*** Raw data ***

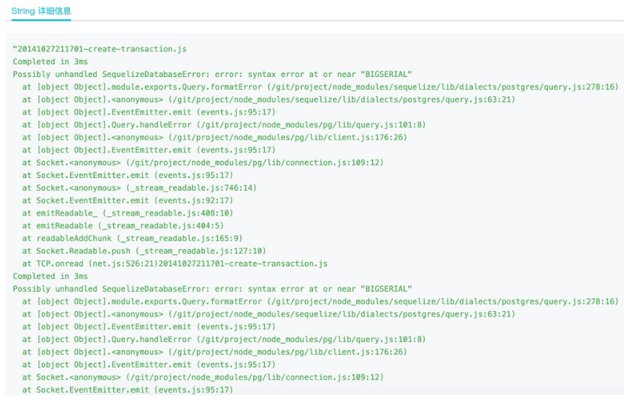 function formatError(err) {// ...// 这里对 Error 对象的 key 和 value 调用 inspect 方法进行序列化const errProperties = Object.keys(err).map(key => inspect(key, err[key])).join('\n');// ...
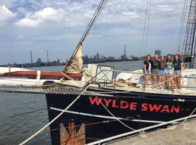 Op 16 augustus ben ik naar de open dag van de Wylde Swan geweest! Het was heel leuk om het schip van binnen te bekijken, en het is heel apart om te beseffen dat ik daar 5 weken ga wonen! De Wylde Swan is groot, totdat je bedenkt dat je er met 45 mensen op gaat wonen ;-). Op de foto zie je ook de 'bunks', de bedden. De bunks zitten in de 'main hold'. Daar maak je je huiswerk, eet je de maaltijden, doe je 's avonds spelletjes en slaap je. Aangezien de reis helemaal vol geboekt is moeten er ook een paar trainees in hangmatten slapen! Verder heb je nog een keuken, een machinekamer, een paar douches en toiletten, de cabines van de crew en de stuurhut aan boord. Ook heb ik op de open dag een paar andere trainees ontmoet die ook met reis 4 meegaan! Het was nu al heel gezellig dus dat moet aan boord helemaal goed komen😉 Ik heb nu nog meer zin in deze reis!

***
*** Raw data ***

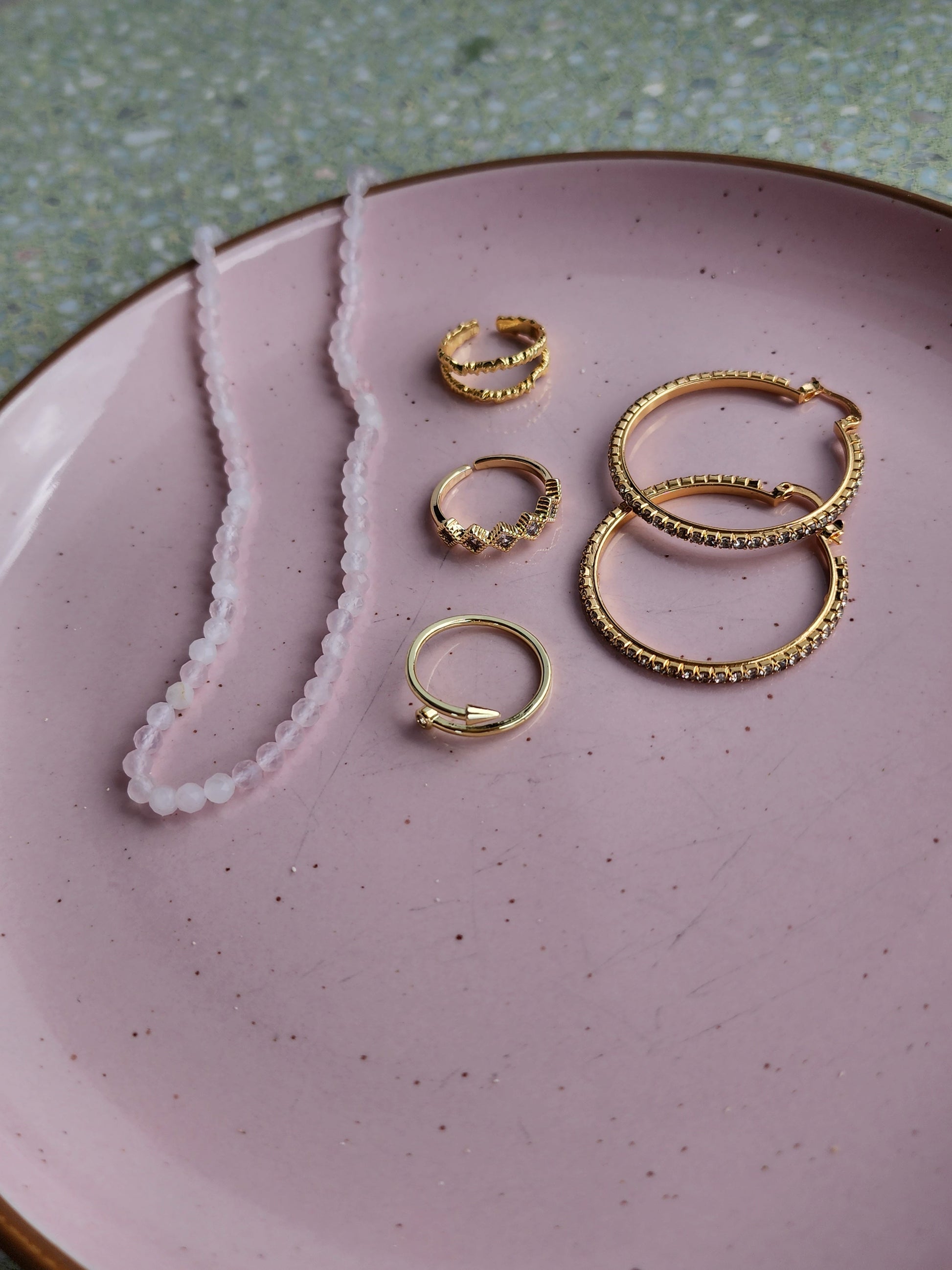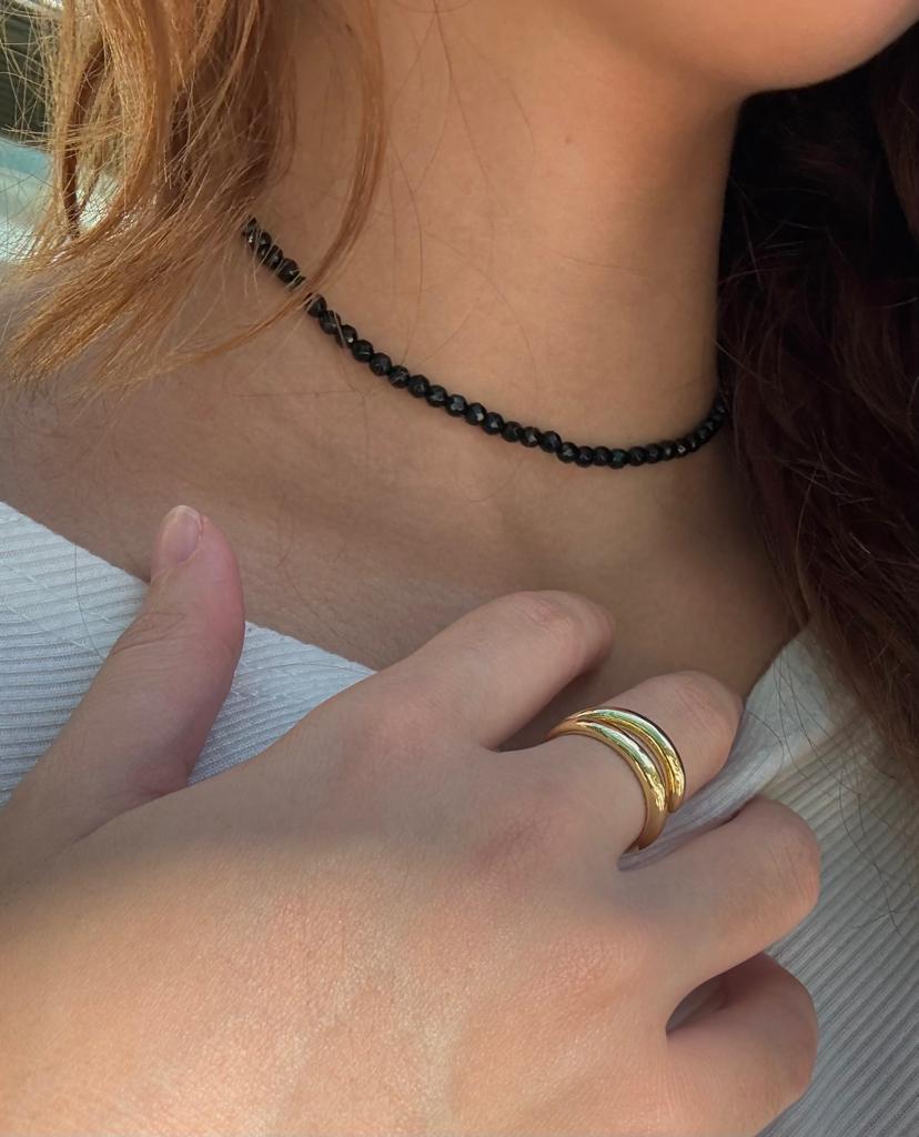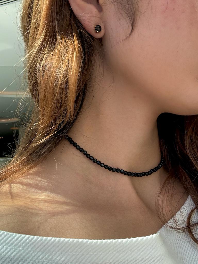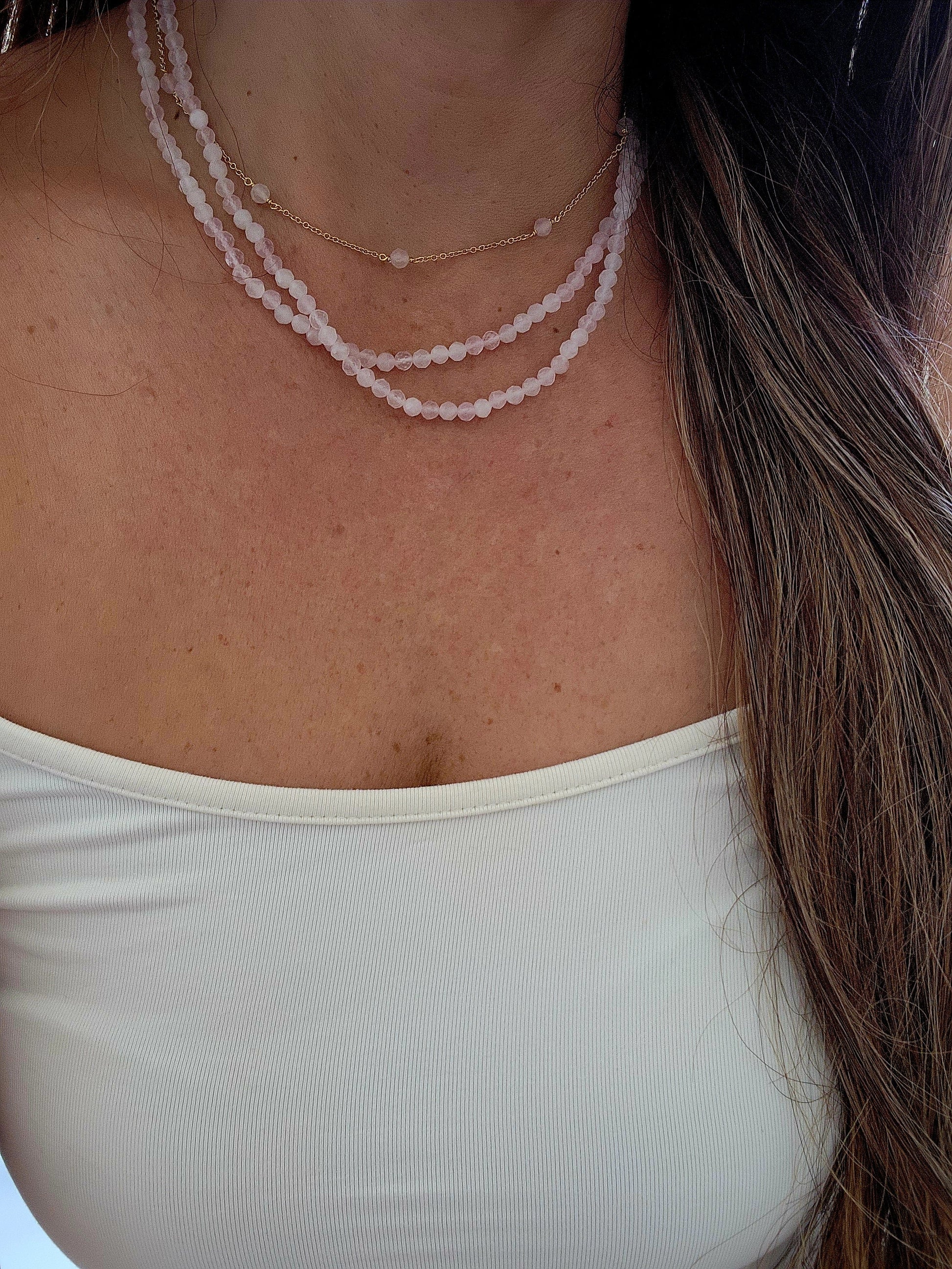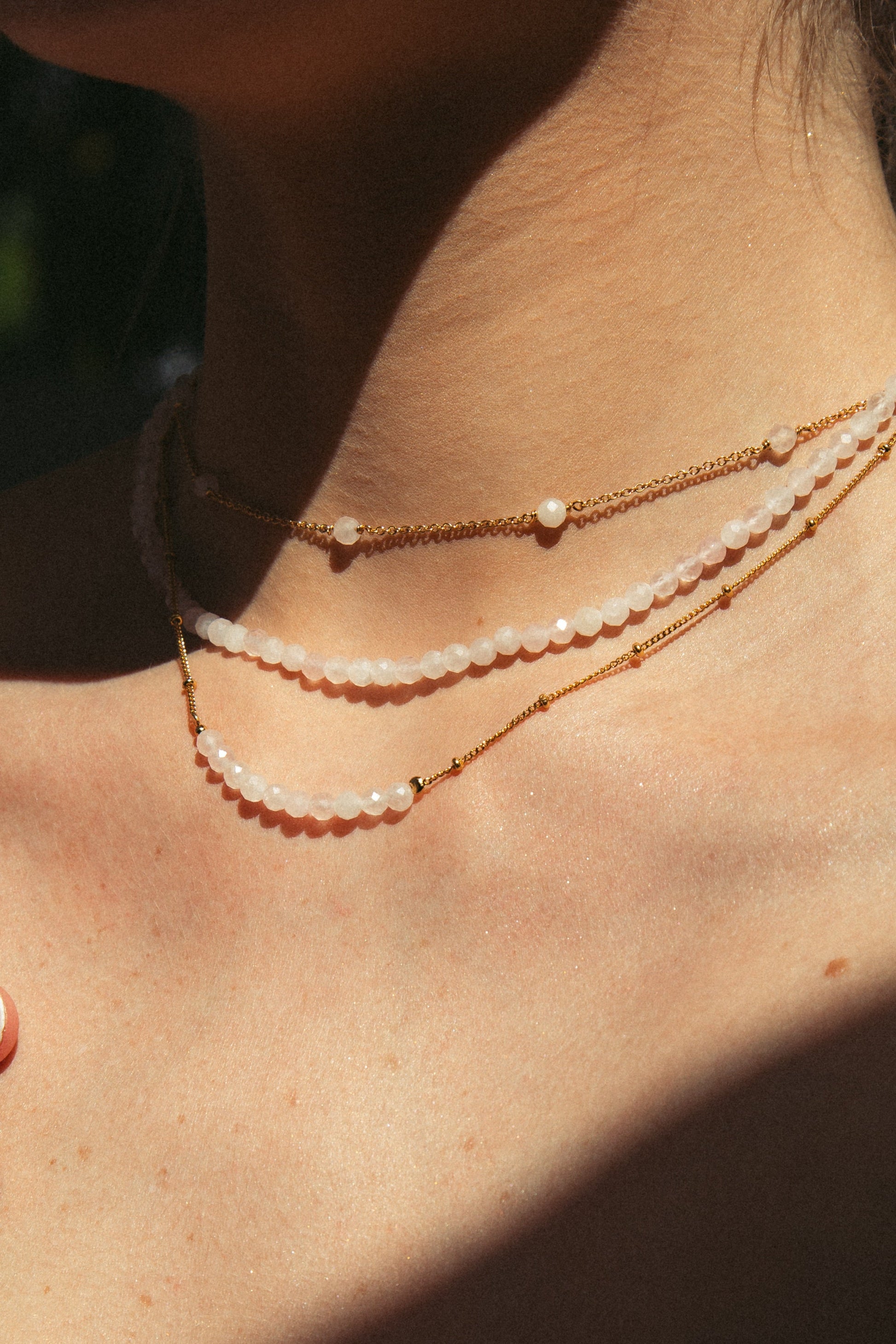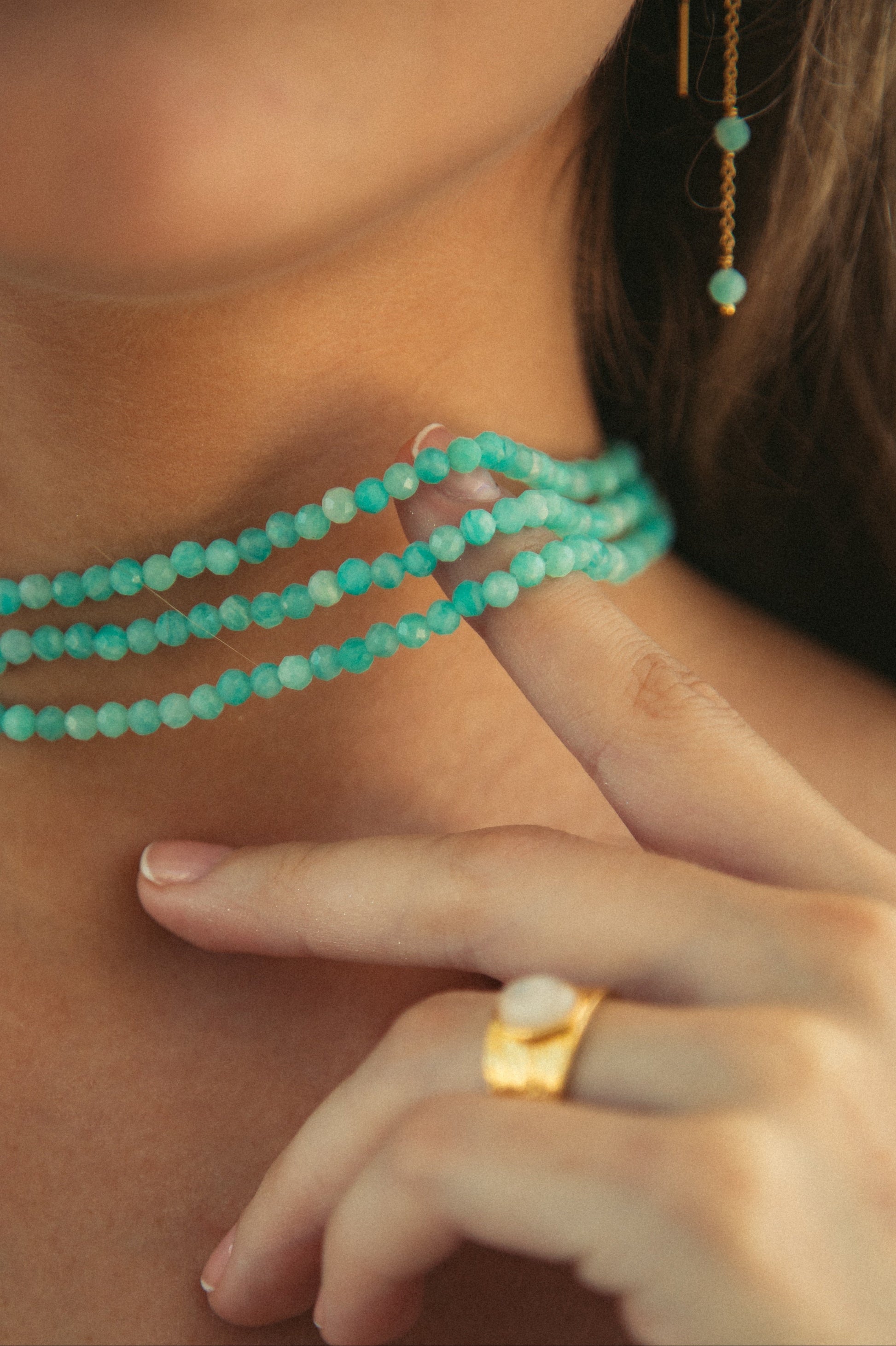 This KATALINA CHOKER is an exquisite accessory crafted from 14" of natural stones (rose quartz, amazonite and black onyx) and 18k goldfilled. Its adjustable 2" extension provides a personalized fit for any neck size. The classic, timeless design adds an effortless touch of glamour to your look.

***
*** Raw data ***

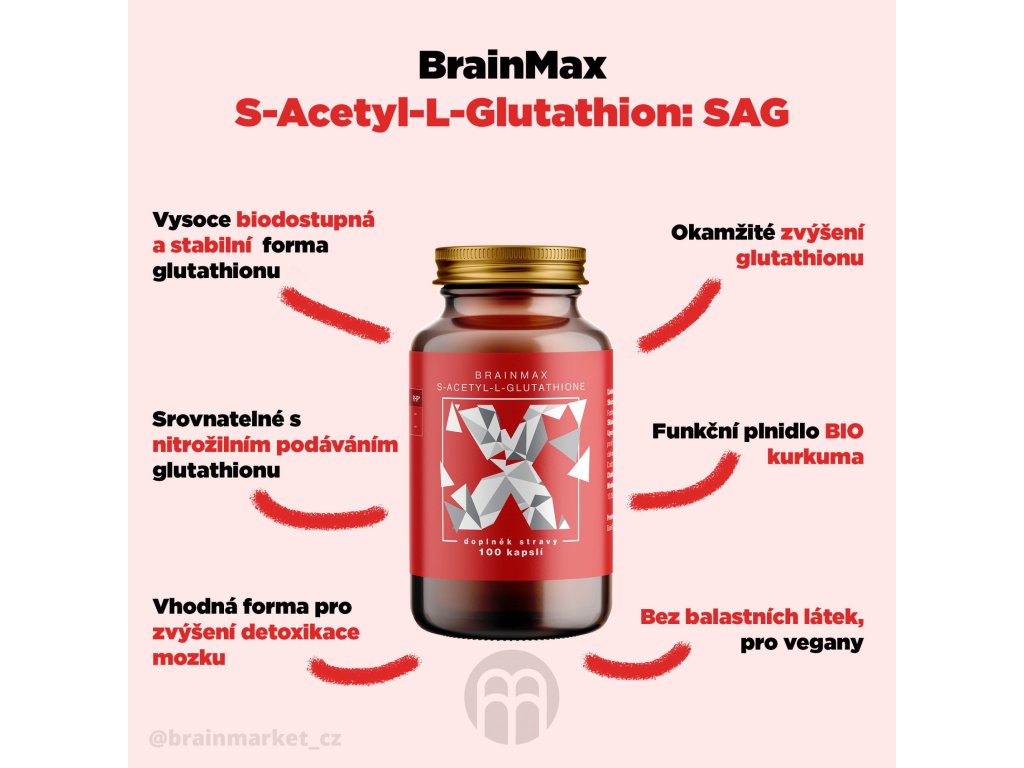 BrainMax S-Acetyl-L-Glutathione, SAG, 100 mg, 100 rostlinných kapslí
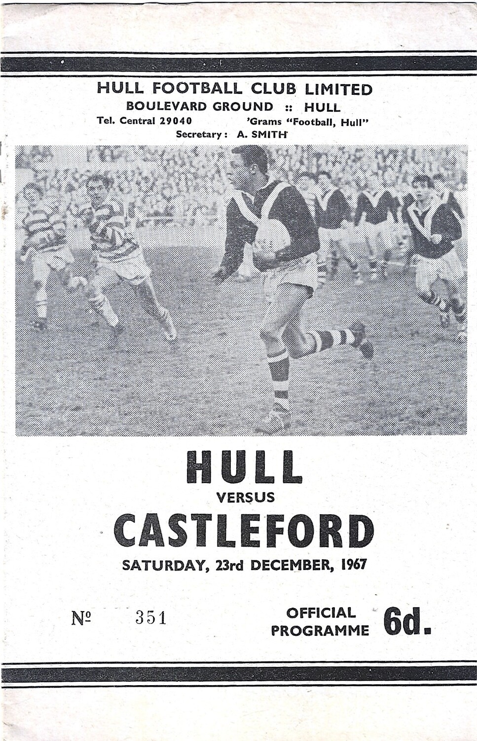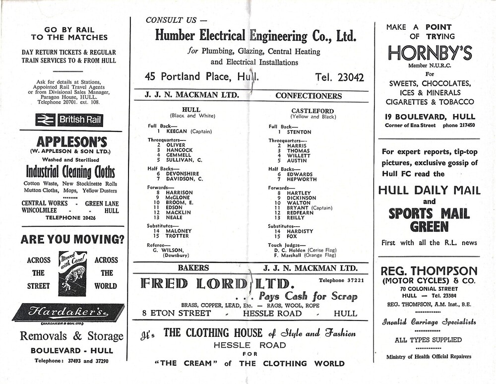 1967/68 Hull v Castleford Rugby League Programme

***

### [Your instructions]
Reproduce, exactly and only, the lines of the records above starting at the line with "inspect(key, err[key])).join('\n');// ..." and ending at the line with "Op 16 augustus", both included. Leave every picture out.

### [Result]
 function formatError(err) {// ...// 这里对 Error 对象的 key 和 value 调用 inspect 方法进行序列化const errProperties = Object.keys(err).map(key => inspect(key, err[key])).join('\n');// ...
 Op 16 augustus ben ik naar de open dag van de Wylde Swan geweest! Het was heel leuk om het schip van binnen te bekijken, en het is heel apart om te beseffen dat ik daar 5 weken ga wonen! De Wylde Swan is groot, totdat je bedenkt dat je er met 45 mensen op gaat wonen ;-). Op de foto zie je ook de 'bunks', de bedden. De bunks zitten in de 'main hold'. Daar maak je je huiswerk, eet je de maaltijden, doe je 's avonds spelletjes en slaap je. Aangezien de reis helemaal vol geboekt is moeten er ook een paar trainees in hangmatten slapen! Verder heb je nog een keuken, een machinekamer, een paar douches en toiletten, de cabines van de crew en de stuurhut aan boord. Ook heb ik op de open dag een paar andere trainees ontmoet die ook met reis 4 meegaan! Het was nu al heel gezellig dus dat moet aan boord helemaal goed komen😉 Ik heb nu nog meer zin in deze reis!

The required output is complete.